## [Given information]
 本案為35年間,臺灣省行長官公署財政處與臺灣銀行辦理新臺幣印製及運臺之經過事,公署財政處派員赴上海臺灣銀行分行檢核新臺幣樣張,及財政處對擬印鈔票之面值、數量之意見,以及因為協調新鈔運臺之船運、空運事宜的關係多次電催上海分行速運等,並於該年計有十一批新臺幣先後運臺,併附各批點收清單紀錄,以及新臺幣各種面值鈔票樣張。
* * *
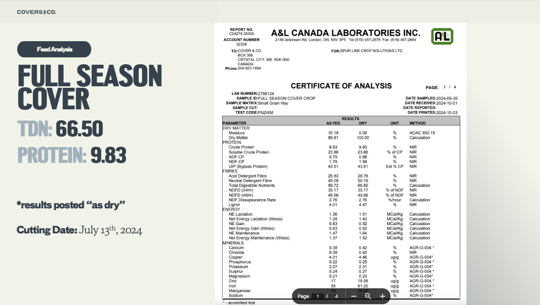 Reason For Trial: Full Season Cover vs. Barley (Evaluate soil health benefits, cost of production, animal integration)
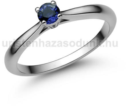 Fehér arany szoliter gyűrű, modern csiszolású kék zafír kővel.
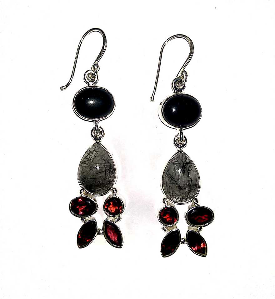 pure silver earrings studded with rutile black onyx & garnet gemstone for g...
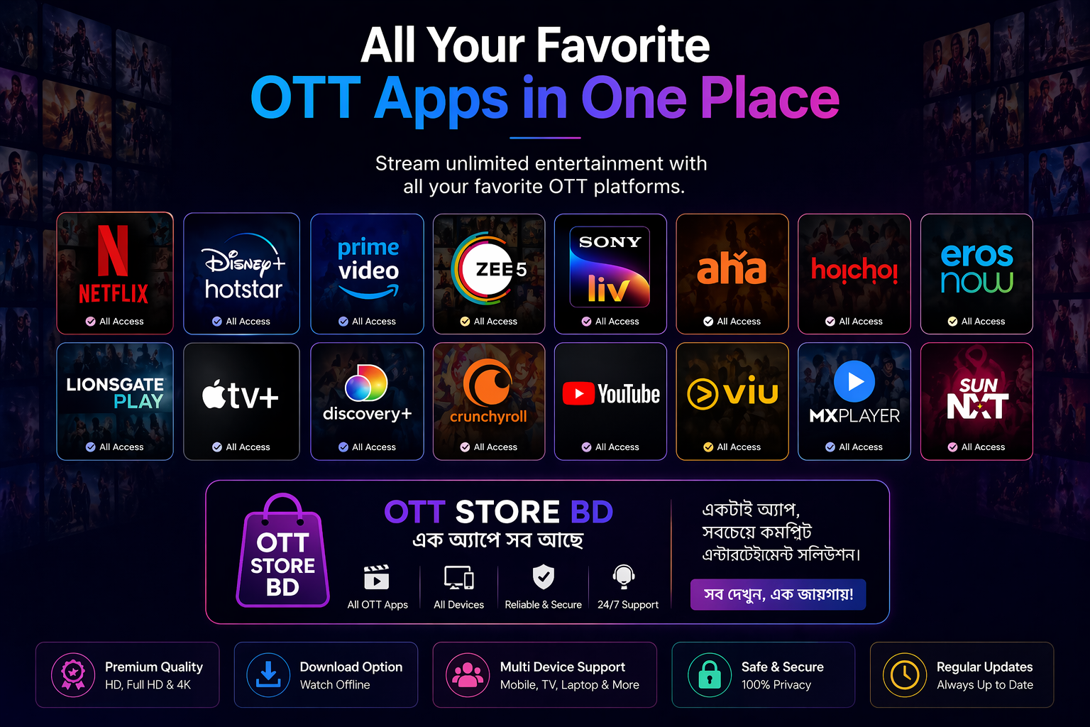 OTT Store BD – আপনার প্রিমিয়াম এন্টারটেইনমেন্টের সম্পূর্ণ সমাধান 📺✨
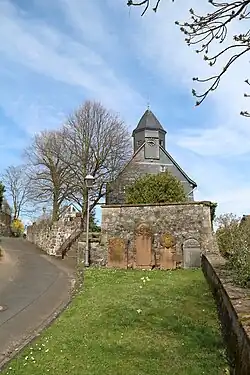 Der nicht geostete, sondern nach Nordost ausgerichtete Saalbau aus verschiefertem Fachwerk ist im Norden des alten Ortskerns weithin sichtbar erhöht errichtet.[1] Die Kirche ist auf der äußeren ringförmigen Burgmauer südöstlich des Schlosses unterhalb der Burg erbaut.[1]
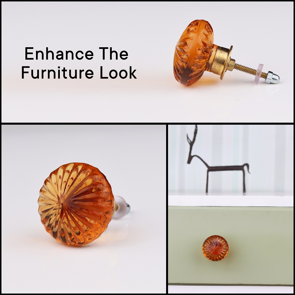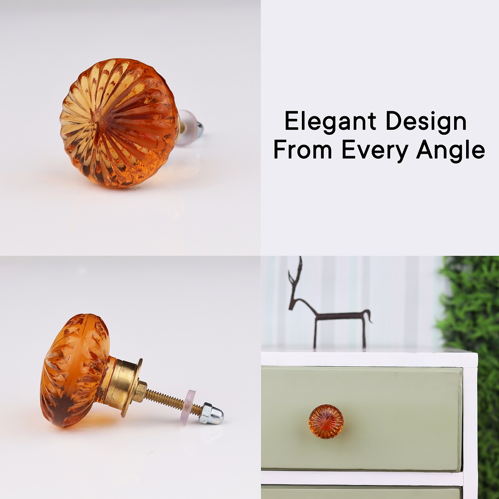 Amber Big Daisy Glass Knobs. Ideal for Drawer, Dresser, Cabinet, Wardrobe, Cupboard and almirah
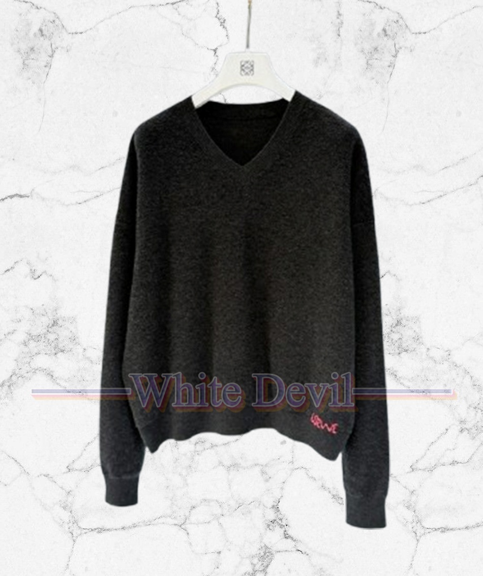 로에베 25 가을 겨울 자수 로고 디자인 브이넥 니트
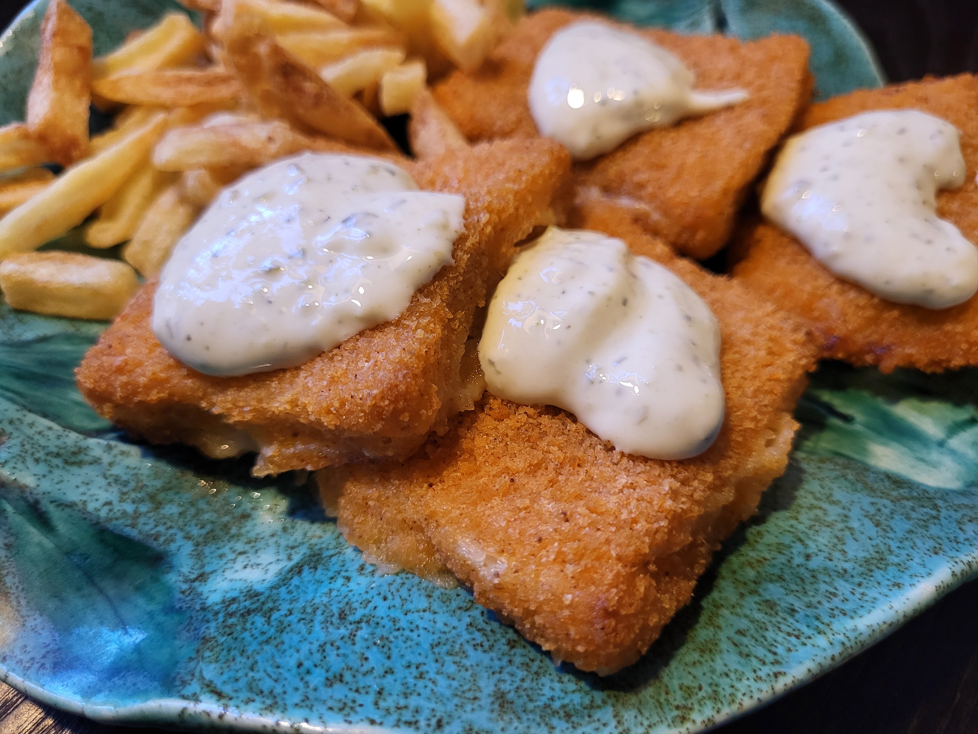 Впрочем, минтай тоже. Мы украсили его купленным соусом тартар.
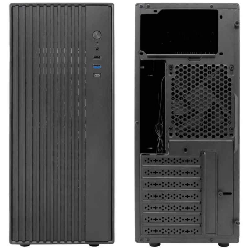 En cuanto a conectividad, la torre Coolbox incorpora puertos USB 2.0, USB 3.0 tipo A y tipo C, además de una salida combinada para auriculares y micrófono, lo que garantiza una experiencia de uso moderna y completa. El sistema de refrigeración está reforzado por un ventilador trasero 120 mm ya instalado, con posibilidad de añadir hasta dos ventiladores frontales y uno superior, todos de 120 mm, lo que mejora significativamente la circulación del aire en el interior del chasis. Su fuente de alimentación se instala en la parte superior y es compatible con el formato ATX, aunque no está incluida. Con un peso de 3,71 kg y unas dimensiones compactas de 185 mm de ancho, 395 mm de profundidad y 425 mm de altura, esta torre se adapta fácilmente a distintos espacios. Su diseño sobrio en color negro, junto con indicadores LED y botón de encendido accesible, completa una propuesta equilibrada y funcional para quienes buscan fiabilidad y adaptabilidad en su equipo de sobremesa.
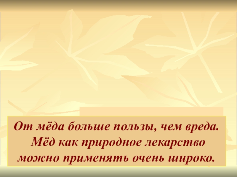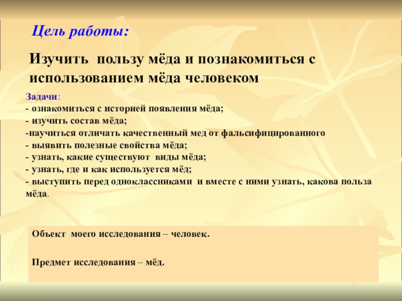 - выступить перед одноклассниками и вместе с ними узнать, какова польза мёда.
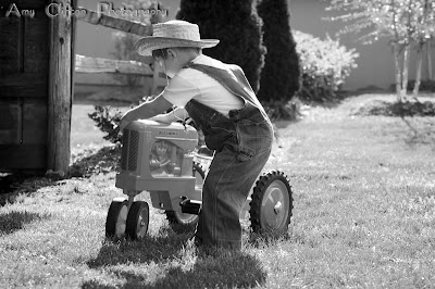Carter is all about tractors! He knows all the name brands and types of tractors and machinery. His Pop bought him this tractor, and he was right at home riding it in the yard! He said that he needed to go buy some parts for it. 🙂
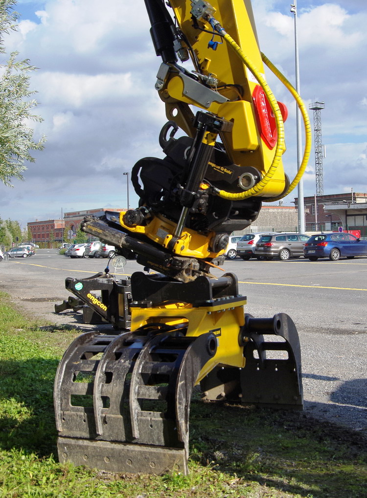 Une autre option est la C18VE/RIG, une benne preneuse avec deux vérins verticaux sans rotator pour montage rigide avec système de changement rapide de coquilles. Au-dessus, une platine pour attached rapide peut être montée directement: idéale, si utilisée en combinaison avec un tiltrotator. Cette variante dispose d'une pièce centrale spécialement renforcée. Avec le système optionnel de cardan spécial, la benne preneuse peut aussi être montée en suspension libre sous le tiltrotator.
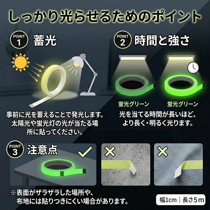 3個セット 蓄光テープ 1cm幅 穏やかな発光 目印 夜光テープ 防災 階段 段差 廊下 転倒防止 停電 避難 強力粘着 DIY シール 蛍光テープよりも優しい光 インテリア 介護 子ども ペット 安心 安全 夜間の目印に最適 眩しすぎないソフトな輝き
==
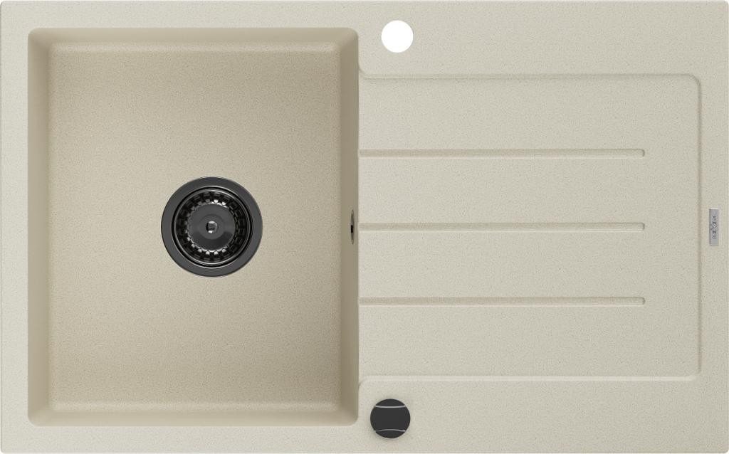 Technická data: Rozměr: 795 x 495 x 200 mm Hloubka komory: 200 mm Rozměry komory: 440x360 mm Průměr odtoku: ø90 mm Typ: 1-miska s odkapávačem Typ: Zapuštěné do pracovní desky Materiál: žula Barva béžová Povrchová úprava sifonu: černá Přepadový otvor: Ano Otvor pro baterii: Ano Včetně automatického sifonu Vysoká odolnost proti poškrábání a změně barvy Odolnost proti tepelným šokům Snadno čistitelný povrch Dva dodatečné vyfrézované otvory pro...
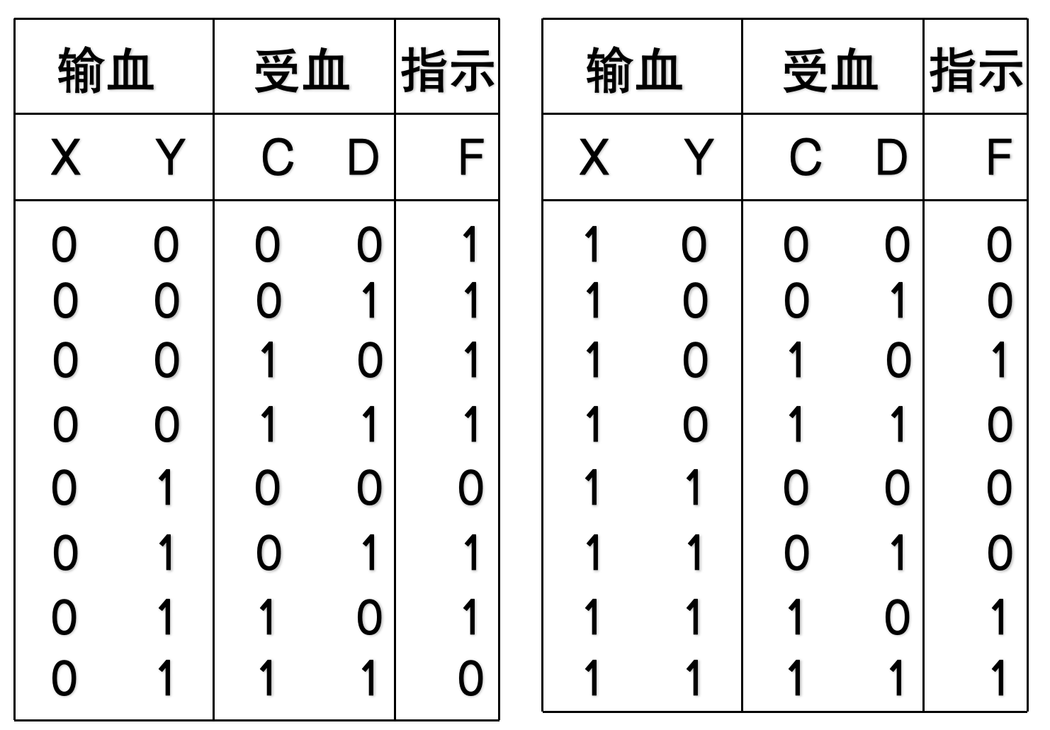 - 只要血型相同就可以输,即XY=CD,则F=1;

## [Aim of the task]
Output only the stretch above from the line with "Der nicht geostete, sondern" through the line with "Впрочем, минтай тоже.", reproduced exactly. Exclude pictures.

## [Expected output]
 Der nicht geostete, sondern nach Nordost ausgerichtete Saalbau aus verschiefertem Fachwerk ist im Norden des alten Ortskerns weithin sichtbar erhöht errichtet.[1] Die Kirche ist auf der äußeren ringförmigen Burgmauer südöstlich des Schlosses unterhalb der Burg erbaut.[1]
 Amber Big Daisy Glass Knobs. Ideal for Drawer, Dresser, Cabinet, Wardrobe, Cupboard and almirah
 로에베 25 가을 겨울 자수 로고 디자인 브이넥 니트
 Впрочем, минтай тоже. Мы украсили его купленным соусом тартар.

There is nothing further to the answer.